Supplied information:

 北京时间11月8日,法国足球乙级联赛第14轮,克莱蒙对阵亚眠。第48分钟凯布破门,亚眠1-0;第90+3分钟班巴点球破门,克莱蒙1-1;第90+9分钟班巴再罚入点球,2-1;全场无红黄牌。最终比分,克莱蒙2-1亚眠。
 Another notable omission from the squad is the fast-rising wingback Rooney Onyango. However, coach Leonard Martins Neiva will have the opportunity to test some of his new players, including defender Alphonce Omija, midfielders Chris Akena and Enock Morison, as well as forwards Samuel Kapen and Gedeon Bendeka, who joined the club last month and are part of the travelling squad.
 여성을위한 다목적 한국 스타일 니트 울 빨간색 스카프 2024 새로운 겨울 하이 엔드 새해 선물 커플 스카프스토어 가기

* * *

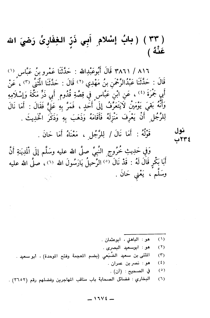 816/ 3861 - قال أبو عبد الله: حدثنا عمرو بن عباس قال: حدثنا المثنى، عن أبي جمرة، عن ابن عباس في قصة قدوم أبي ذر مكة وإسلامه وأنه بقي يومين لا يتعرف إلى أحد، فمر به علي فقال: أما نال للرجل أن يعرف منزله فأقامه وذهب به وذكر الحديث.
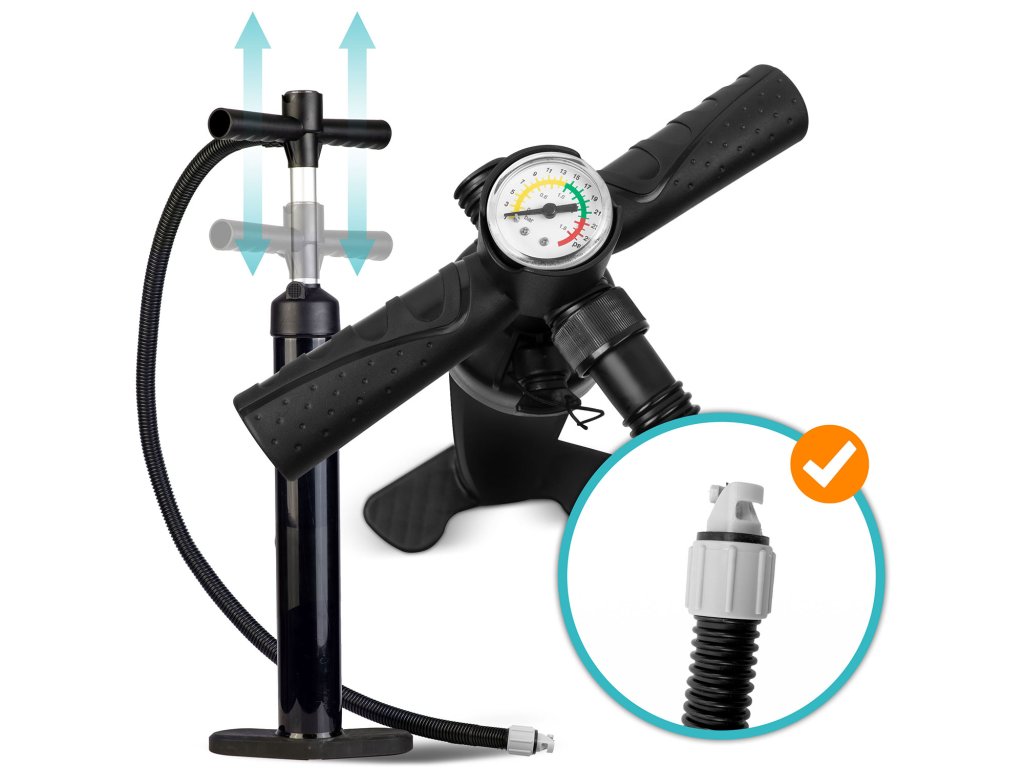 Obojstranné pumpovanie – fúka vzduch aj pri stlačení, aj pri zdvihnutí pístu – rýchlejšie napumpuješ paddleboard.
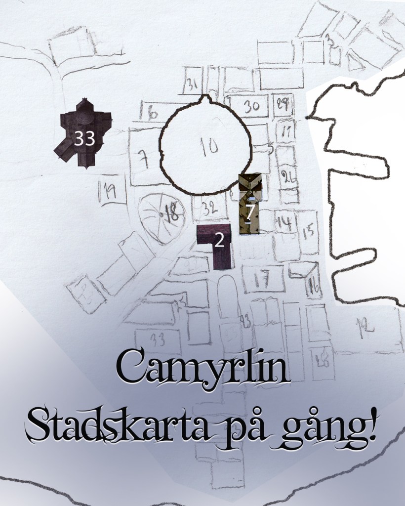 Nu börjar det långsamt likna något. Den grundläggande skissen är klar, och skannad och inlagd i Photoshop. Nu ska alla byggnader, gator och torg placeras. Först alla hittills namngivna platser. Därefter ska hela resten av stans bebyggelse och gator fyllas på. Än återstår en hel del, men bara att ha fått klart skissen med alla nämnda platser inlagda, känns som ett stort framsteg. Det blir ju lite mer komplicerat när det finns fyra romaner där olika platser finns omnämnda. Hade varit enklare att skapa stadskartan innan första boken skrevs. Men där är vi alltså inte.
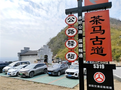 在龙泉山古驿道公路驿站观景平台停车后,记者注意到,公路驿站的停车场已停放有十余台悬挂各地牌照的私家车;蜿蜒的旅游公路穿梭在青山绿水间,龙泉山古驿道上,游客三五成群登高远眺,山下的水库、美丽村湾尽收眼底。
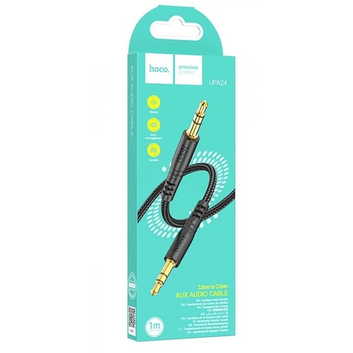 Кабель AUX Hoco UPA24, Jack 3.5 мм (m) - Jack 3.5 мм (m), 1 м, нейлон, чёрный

Directions: From the line that has "北京时间11月8日,法国足球" through the line that has "Another notable omission", copy every line exactly as it appears above, and leave out all others.

Task output:
 北京时间11月8日,法国足球乙级联赛第14轮,克莱蒙对阵亚眠。第48分钟凯布破门,亚眠1-0;第90+3分钟班巴点球破门,克莱蒙1-1;第90+9分钟班巴再罚入点球,2-1;全场无红黄牌。最终比分,克莱蒙2-1亚眠。
 Another notable omission from the squad is the fast-rising wingback Rooney Onyango. However, coach Leonard Martins Neiva will have the opportunity to test some of his new players, including defender Alphonce Omija, midfielders Chris Akena and Enock Morison, as well as forwards Samuel Kapen and Gedeon Bendeka, who joined the club last month and are part of the travelling squad.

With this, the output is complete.